Plan for future growth using Capacity Runway and What-if Scenarios
Capacity Runway
Capacity Runway focuses on consumption from three resource buckets, which include
- Storage capacity
- CPU
- Memory
The capacity runway shows the number of days remaining before a resource is consumed. The multi-cluster view is shown as a table and individual cluster is shown as a graph. It uses machine learning algorithms to forecast capacity.
Historical data used to calculate consumption for the capacity metric
- 90 days of historical data from each PE instance used initially
- Additional data is then collected as part of calculations
- PC retains capacity data points longer than PE
Machine learning used historical data to determine the remaining number of days until capacity is consumed. It
- Looks at resources already consumed
- Looks at rate of resource consumption
Example: Storage calculations look at live usage, system usage, reserved capacity, snapshot capacity and differing rates of consumption between storage containers
Optimize VM Resources
Click Optimize Resources to get recommendations for the cluster. It provides the list of candidates presents the total amount of CPU and memory configured versus the peak amounts of CPU and memory used for each VM.
- Over-provisioned: VMs identified as using minimal amounts of assigned resources.
- Inactive: VMs that have been powered off for a period of time or that are running VMs that do not consume any CPU, memory, or I/O resources.
- Constrained: VMs that could see improved performance with additional resources.
- Bully: VMs identified as using an abundance of resources and affecting other VMs
Optimize Node Resources
When an organization can’t reclaim enough resources, it may need to scale the overall environment. When Right-Sizing is insufficient, adding more resources may be required, The capacity planning function is capable of making node-based recommendations using machine learning to account for consumption rates and growth and meet the target runway period.

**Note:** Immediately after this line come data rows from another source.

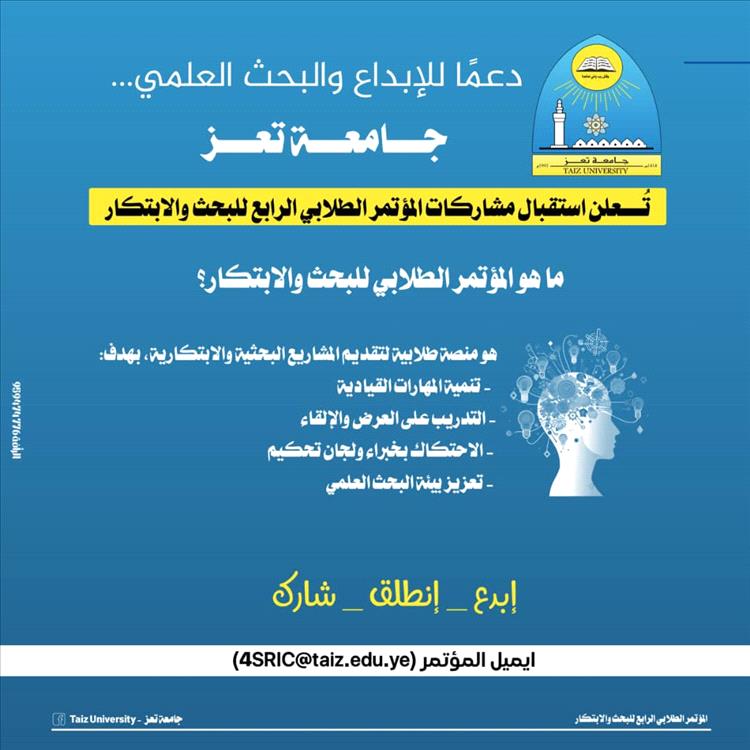 وتدعو جامعة تعز، جميع طلبتها إلى المشاركة الفاعلة في هذا الحدث العلمي الكبير، الذي يعكس رؤيتها في تعزيز الابتكار وبناء مستقبل طلابي مستدام.
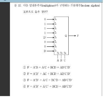 전자공학 멀티플렉서 부울대수 문제에서요
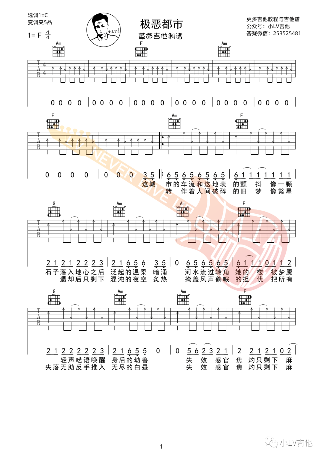 吉他夏日入侵企画《极恶都市》吉他谱_吉他弹唱谱_革命吉他编配
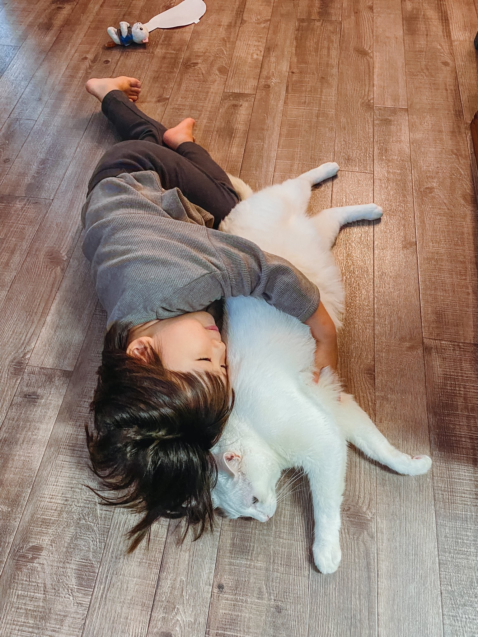 「どいて―!」トイレに行きたい3歳児と寝たい猫の微笑ましい攻防戦
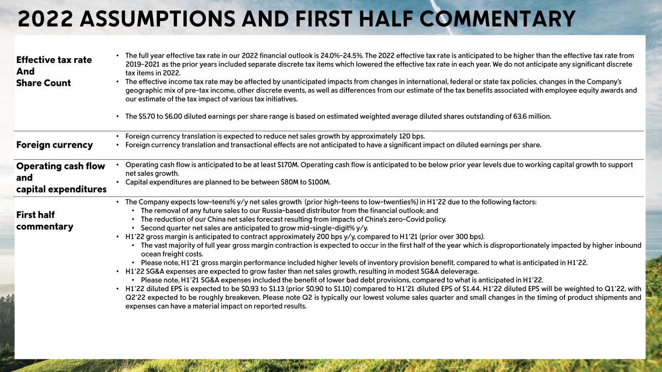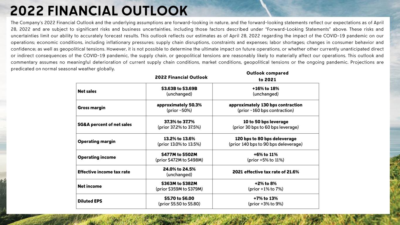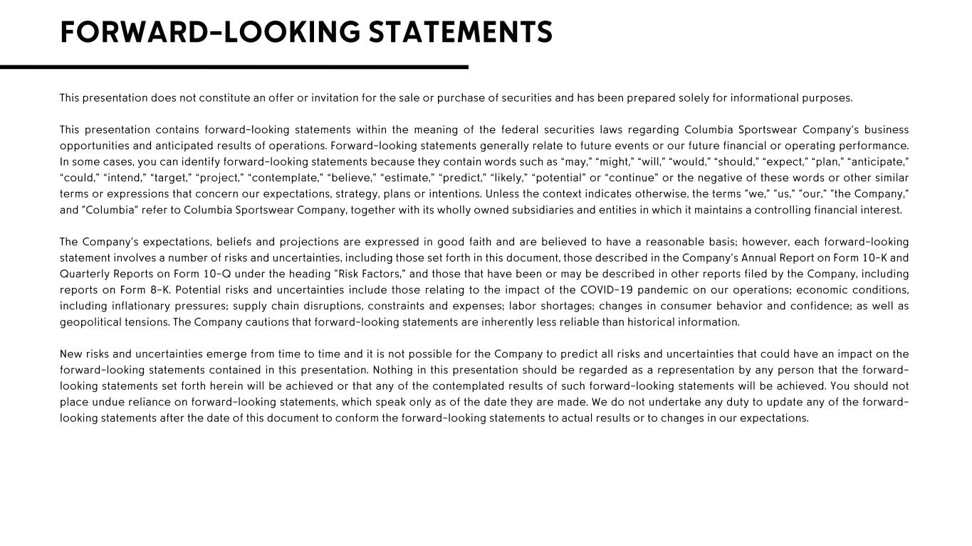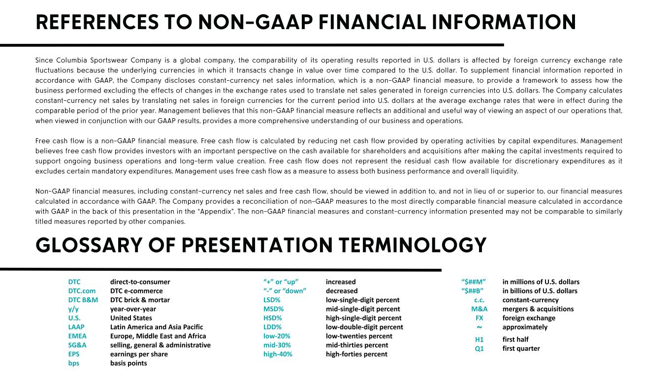 DTC DTC.com DTC B&M y/y U.S. LAAP EMEA SG&A EPS bps direct-to-consumer DTC e-commerce DTC brick & mortar year-over-year United States Latin America and Asia Pacific Europe, Middle East and Africa selling, general & administrative earnings per share basis points “+” or “up” “-” or “down” LSD% MSD% HSD% LDD% low-20% mid-30% high-40% increased decreased low-single-digit percent mid-single-digit percent high-single-digit percent low-double-digit percent low-twenties percent mid-thirties percent high-forties percent “$##M” “$##B” c.c. M&A FX ~ H1 Q1 in millions of U.S. dollars in billions of U.S. dollars constant-currency mergers & acquisitions foreign exchange approximately first half first quarter

For example, if the runway period is set to 180 days, Prism Pro calculates the number, type, and configuration of nodes recommended for scaling to provide the 180 days of capacity requested.
Just-In-Time Forecasting
Machine learning predicts capacity expansion to meet future workload growth. Plan for expansion based on existing and new workload demands. Define workloads with several options, including:
- Pre-defined workload types
- Appropriate VM types and numbers from a VM configuration and behavior catalog
- Existing running workloads
What If Scenarios
What-if scenarios allow an administrator to assess future resource requirement.

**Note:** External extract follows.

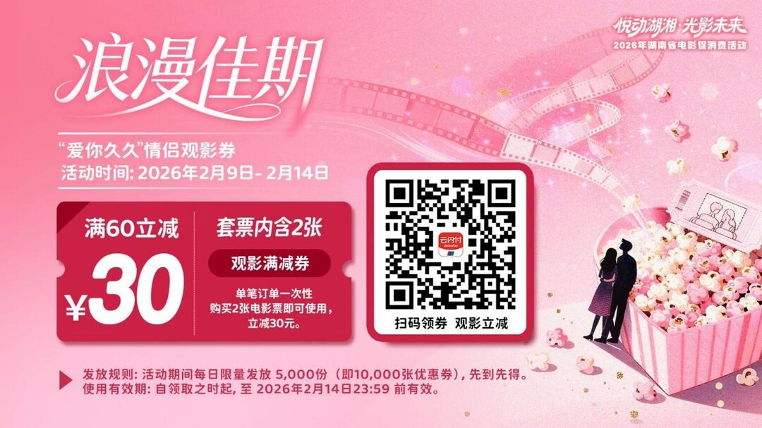 湖南日报·新湖南客户端2月9日讯(记者 邓正可)2月9日至3月3日期间,湖南将推出“浪漫佳期·光影贺岁”电影促消费特别活动,依托云闪付APP平台,分两个阶段发放情侣观影券和家庭观影券,覆盖情人节与春节档期,为市民带来实实在在的观影优惠。

- Input the workloads that will be added to the cluster(s)
- Specify the target runway duration
- See what resources are required
Typical Scenarios
- How many new VMs can my current cluster support?
- I need a new database server in a month, can my cluster handle the increased load?
- If I create a new cluster for a given set of workloads, what kind of cluster do I need?
Creating a Scenario
Options:
- Cluster: Specify whether the workloads should be on a new or existing cluster
- Target: The sceanrio runway term, from 1 to 12 months
- Vendor Type: Hardware type, including Nutanix, Dell, Lenovo, Cisco, and IBM.
Reserving Capacity:
- Selecting “Capacity Configuration” allows for resources to be reserved for overcommitment, replication factor, etc.
Adding Workloads
Available workloads are modeled using machine learning and data curated from the Nutanix Sizer tool.
Example Scenario
Current Capacity Configuration
After adding the following VM Profile workload:
And the recommended analysis
Saving Scenarios
Both Scenarios and VM Profiles can be saved. This is useful for modeling scenarios and workloads against other existing clusters or different hardware.